_WHAT THE TASK ASKS_
Could you print the full listing again, exactly as written?

[ENTRIES SHOWN Boundary: Start]

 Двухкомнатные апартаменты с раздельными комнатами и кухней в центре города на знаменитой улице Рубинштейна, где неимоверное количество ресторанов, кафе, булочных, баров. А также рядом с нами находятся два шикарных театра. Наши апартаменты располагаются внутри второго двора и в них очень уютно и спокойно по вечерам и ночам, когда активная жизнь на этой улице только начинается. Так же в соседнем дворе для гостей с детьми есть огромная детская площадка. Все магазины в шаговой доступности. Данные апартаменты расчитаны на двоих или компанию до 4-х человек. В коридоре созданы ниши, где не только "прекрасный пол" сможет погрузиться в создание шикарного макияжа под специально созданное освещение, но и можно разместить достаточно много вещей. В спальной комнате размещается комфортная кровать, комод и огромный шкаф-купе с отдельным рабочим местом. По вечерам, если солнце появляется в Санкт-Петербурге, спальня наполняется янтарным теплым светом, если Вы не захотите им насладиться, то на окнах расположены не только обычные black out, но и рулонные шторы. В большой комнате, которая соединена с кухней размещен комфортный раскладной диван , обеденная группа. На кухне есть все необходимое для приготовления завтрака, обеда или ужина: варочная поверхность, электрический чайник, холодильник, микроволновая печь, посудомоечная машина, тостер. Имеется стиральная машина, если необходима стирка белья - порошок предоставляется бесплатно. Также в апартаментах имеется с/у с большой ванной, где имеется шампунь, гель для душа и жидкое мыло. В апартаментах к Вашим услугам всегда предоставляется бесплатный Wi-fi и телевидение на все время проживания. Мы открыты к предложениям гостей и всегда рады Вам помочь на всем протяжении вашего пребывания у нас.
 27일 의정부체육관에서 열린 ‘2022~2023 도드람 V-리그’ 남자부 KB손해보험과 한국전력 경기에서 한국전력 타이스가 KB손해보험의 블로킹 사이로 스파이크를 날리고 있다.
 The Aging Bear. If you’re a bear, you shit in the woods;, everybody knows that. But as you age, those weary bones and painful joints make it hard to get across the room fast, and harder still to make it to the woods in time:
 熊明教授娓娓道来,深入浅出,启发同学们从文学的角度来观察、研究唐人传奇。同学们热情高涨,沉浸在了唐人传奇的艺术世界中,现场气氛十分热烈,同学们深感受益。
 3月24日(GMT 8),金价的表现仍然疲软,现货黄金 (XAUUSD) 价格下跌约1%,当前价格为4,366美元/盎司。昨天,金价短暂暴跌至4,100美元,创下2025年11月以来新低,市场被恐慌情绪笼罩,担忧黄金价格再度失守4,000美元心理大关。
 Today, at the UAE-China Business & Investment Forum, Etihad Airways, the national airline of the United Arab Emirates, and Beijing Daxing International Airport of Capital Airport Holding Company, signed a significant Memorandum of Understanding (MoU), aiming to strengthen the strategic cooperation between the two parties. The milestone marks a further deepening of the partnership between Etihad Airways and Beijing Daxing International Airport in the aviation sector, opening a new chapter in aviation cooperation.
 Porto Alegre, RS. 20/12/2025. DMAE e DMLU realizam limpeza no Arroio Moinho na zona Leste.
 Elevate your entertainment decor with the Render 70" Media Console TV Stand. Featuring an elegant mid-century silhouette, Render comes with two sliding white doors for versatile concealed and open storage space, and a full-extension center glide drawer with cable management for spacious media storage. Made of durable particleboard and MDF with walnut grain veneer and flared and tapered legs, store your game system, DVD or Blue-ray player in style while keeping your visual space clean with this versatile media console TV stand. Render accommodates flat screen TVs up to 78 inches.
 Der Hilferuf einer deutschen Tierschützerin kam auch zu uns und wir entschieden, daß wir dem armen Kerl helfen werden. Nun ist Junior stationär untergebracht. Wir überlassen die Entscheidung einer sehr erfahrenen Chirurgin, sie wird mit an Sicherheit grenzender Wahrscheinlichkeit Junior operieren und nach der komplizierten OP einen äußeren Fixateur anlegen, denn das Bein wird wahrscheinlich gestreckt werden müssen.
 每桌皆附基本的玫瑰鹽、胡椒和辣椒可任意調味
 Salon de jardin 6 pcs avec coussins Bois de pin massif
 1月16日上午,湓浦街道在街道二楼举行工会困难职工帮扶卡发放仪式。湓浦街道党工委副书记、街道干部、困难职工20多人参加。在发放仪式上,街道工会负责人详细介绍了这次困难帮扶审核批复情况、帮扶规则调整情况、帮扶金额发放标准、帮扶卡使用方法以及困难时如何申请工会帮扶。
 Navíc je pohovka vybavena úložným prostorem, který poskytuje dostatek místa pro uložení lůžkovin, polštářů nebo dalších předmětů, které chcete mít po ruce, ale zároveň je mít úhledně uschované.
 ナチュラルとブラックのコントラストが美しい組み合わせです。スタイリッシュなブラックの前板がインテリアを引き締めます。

[ENTRIES SHOWN Boundary: End]

_YOUR RESPONSE_
 Двухкомнатные апартаменты с раздельными комнатами и кухней в центре города на знаменитой улице Рубинштейна, где неимоверное количество ресторанов, кафе, булочных, баров. А также рядом с нами находятся два шикарных театра. Наши апартаменты располагаются внутри второго двора и в них очень уютно и спокойно по вечерам и ночам, когда активная жизнь на этой улице только начинается. Так же в соседнем дворе для гостей с детьми есть огромная детская площадка. Все магазины в шаговой доступности. Данные апартаменты расчитаны на двоих или компанию до 4-х человек. В коридоре созданы ниши, где не только "прекрасный пол" сможет погрузиться в создание шикарного макияжа под специально созданное освещение, но и можно разместить достаточно много вещей. В спальной комнате размещается комфортная кровать, комод и огромный шкаф-купе с отдельным рабочим местом. По вечерам, если солнце появляется в Санкт-Петербурге, спальня наполняется янтарным теплым светом, если Вы не захотите им насладиться, то на окнах расположены не только обычные black out, но и рулонные шторы. В большой комнате, которая соединена с кухней размещен комфортный раскладной диван , обеденная группа. На кухне есть все необходимое для приготовления завтрака, обеда или ужина: варочная поверхность, электрический чайник, холодильник, микроволновая печь, посудомоечная машина, тостер. Имеется стиральная машина, если необходима стирка белья - порошок предоставляется бесплатно. Также в апартаментах имеется с/у с большой ванной, где имеется шампунь, гель для душа и жидкое мыло. В апартаментах к Вашим услугам всегда предоставляется бесплатный Wi-fi и телевидение на все время проживания. Мы открыты к предложениям гостей и всегда рады Вам помочь на всем протяжении вашего пребывания у нас.
 27일 의정부체육관에서 열린 ‘2022~2023 도드람 V-리그’ 남자부 KB손해보험과 한국전력 경기에서 한국전력 타이스가 KB손해보험의 블로킹 사이로 스파이크를 날리고 있다.
 The Aging Bear. If you’re a bear, you shit in the woods;, everybody knows that. But as you age, those weary bones and painful joints make it hard to get across the room fast, and harder still to make it to the woods in time:
 熊明教授娓娓道来,深入浅出,启发同学们从文学的角度来观察、研究唐人传奇。同学们热情高涨,沉浸在了唐人传奇的艺术世界中,现场气氛十分热烈,同学们深感受益。
 3月24日(GMT 8),金价的表现仍然疲软,现货黄金 (XAUUSD) 价格下跌约1%,当前价格为4,366美元/盎司。昨天,金价短暂暴跌至4,100美元,创下2025年11月以来新低,市场被恐慌情绪笼罩,担忧黄金价格再度失守4,000美元心理大关。
 Today, at the UAE-China Business & Investment Forum, Etihad Airways, the national airline of the United Arab Emirates, and Beijing Daxing International Airport of Capital Airport Holding Company, signed a significant Memorandum of Understanding (MoU), aiming to strengthen the strategic cooperation between the two parties. The milestone marks a further deepening of the partnership between Etihad Airways and Beijing Daxing International Airport in the aviation sector, opening a new chapter in aviation cooperation.
 Porto Alegre, RS. 20/12/2025. DMAE e DMLU realizam limpeza no Arroio Moinho na zona Leste.
 Elevate your entertainment decor with the Render 70" Media Console TV Stand. Featuring an elegant mid-century silhouette, Render comes with two sliding white doors for versatile concealed and open storage space, and a full-extension center glide drawer with cable management for spacious media storage. Made of durable particleboard and MDF with walnut grain veneer and flared and tapered legs, store your game system, DVD or Blue-ray player in style while keeping your visual space clean with this versatile media console TV stand. Render accommodates flat screen TVs up to 78 inches.
 Der Hilferuf einer deutschen Tierschützerin kam auch zu uns und wir entschieden, daß wir dem armen Kerl helfen werden. Nun ist Junior stationär untergebracht. Wir überlassen die Entscheidung einer sehr erfahrenen Chirurgin, sie wird mit an Sicherheit grenzender Wahrscheinlichkeit Junior operieren und nach der komplizierten OP einen äußeren Fixateur anlegen, denn das Bein wird wahrscheinlich gestreckt werden müssen.
 每桌皆附基本的玫瑰鹽、胡椒和辣椒可任意調味
 Salon de jardin 6 pcs avec coussins Bois de pin massif
 1月16日上午,湓浦街道在街道二楼举行工会困难职工帮扶卡发放仪式。湓浦街道党工委副书记、街道干部、困难职工20多人参加。在发放仪式上,街道工会负责人详细介绍了这次困难帮扶审核批复情况、帮扶规则调整情况、帮扶金额发放标准、帮扶卡使用方法以及困难时如何申请工会帮扶。
 Navíc je pohovka vybavena úložným prostorem, který poskytuje dostatek místa pro uložení lůžkovin, polštářů nebo dalších předmětů, které chcete mít po ruce, ale zároveň je mít úhledně uschované.
 ナチュラルとブラックのコントラストが美しい組み合わせです。スタイリッシュなブラックの前板がインテリアを引き締めます。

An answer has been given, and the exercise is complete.